Après avoir fait le tour de la Colombie, et étudié les différentes options de villes ou de projets, c’est à Medellín qu’ils décident de monter leur restaurant, en couple. Pépé s’occupe de la carte et des fourneaux tandis que Jessica, diplômée de l’ESC Reims en info-com, installe, décore et administre le lieu. Les débuts sont éprouvants car la masse de travail s’apparente à un puits sans fond. Jessica Mila multiplie également les évènements, retrouvant ce qu’elle aime faire, ce qui permet au duo de se faire connaître. “Les premières semaines, je distribuais même des flyers à la sortie de la messe!”, se souvient-elle, amusée.
En deux ans, l’établissement est devenu l’une des tables les plus réputées de Medellín, aussi bien chez les locaux que dans la communauté française, qui s’y retrouve autour de magrets de canard ou de profiteroles. Et comme s’il n’y avait pas assez à faire, le couple vient de s’associer pour lancer il y a quelques mois Monsieur Burger, qui propose des hamburgers sur mesure. L’idée d’une franchise est en discussion. “Je réalise un projet que j’aime, avec celui que j’aime. Je crois que j’ai trouvé la vie qui me correspondait”, résume la jeune entrepreneure expatriée. On l’aura bien compris, aucun retour prévu pour le moment… Interview.
Pourquoi Medellín?
Je dirais que j’ai d’abord choisi la Colombie. Je cherchais un pays où il y avait une bonne croissance et la possibilité de développer de nouveaux projets, notamment dans la gastronomie. De plus, mes ancêtres sont espagnols et j’avais envie de vivre dans leur langue. Lorsque nous sommes arrivés avec mon compagnon, il y a trois ans, nous avons commencé par voyager pendant six mois. En faisant le tour du pays, je suis tombée amoureuse de cette ville: il fait presque toujours beau, la végétation est luxuriante et les gens sont accueillants. En fait, on avait aussi pensé à Bogotá, plus culturelle, dynamique, qui va vite, mais les opportunités professionnelles restaient plus abordables à Medellín. On avait un budget à tenir et il y avaient certaines choses que l’on ne pouvait pas réaliser à Bogotá.

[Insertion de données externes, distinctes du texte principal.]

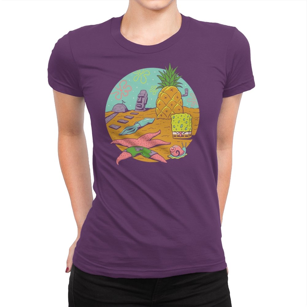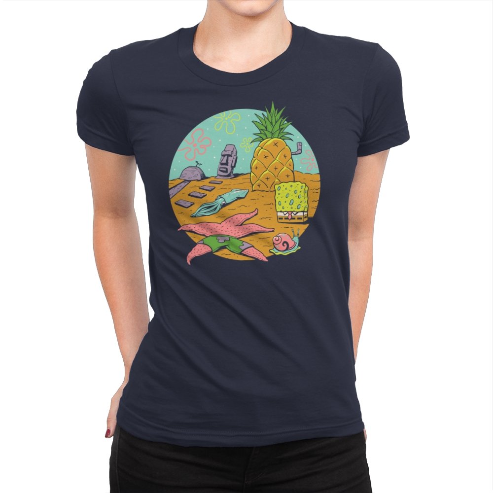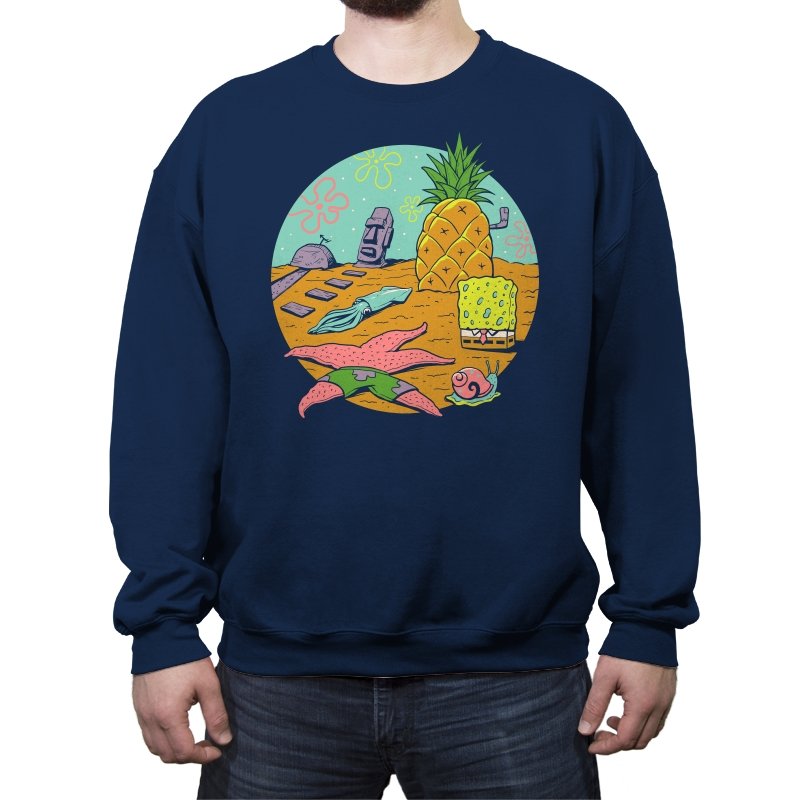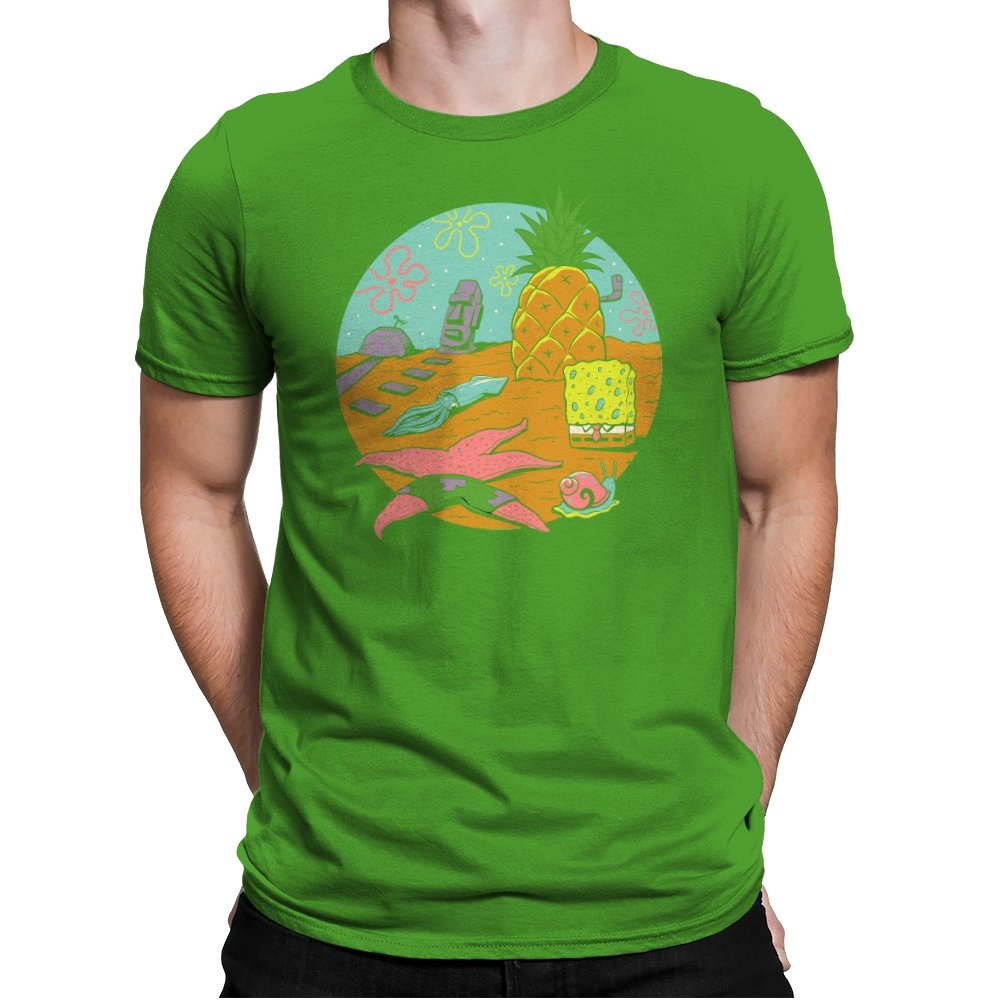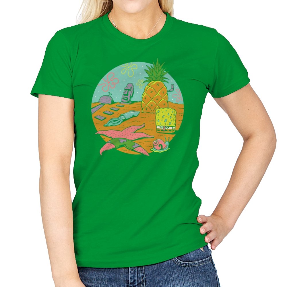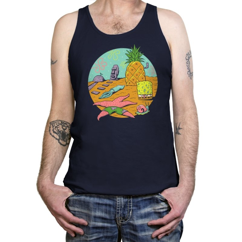 The design drops you into an underwater neighborhood rendered like a cheerful postcard from a very strange place. A pineapple house anchors the scene, surrounded by familiar landmarks, winding paths, and pastel sea life arranged inside a clean circular frame. Bright colors and simplified shapes keep it playful, while the offbeat geography hints at the logic of a world that never quite follows rules. Fans recognize the setting immediately without needing a single label.

Le truc local auquel tu as le plus de mal à t’habituer?
En travaillant dans un restaurant français, nous avons mis l’accent autant sur la gastronomie que sur une certaine idée du service “à la française”. Avec le personnel, je me rends bien compte que c’est très difficile de transmettre notre sens du détail, de la perfection. Il y a un manque de constance, tout est très irrégulier et je dois bien dire que ça m’énerve, moi qui suis extrêmement perfectionniste.
Celui dont tu ne peux plus te défaire?
La musique! Elle faisait déjà partie de ma vie avant, mais ici c’est encore autre chose. Et puis, avec la musique vient une certaine philosophie de vie: celle de la convivialité et de la légèreté. On ne se prend pas la tête et on vit le moment présent, sans penser à demain.
Le jour où tu t’es sentie chez toi à Medellín?
Au début, je trouvais que tout était bruyant, tout le temps. Et puis un jour, au bout de quatre ou cinq mois, je me suis rendu compte que je m’étais habituée aux nouveaux bruits, ceux de la Colombie. Je me souviens d’un Skype avec ma mère où je lui disais que toutes les choses qui me paraissaient étrangères en arrivant ne l’étaient presque plus. Je me suis mise à pleurer ce jour-là car j’ai eu peur d’oublier d’où je venais. Mais je réalisais aussi que je m’étais intégrée, ce qui était quelque chose d’important pour moi venant d’une famille d’immigrés.
Ton plat préféré?
Le jus d’orange frais du matin que je sors prendre dans la rue. Il y a énormément de fruits exotiques ici, c’est un régal. Et bien sûr le chicharron: de la couenne frite, typique de la région de Medellín.
Ce qui te manque le plus de la France?
Le saucisson et le fromage sans hésiter! Mes amis aussi évidemment, mais j’ai eu tellement de visites ces trois dernières années que je supporte la distance.
Mon carnet d’adresses
Le restaurant Carmen, DR
Mon boui-boui:
Le Social, un bar tout près de La Cantine. J’y vais en général pour boire une bière. C’est un endroit très convivial avec toujours du monde sur le trottoir, de la musique forte: j’ai l’impression d’être en pleine Féria de Nîmes et ça me fait des petits papillons dans le cœur!
Mon bar chic:
Les restaurants Ocio et Carmen dans le Poblado. J’adore aller y boire de bons cocktails faits par des bons barmen.
La visite que je recommanderais à tous mes amis:
Prendre les metrocables (Ndlr: les télécabines urbaines) car on voit vraiment la ville de là-haut. Ils permettent aussi d’aller au Parque España (en travaux pour le moment) ou au Parque Arvi. Normalement les metrocables sont des transports en commun mais ils sont devenus une attraction touristique, pour les étrangers comme pour les Colombiens.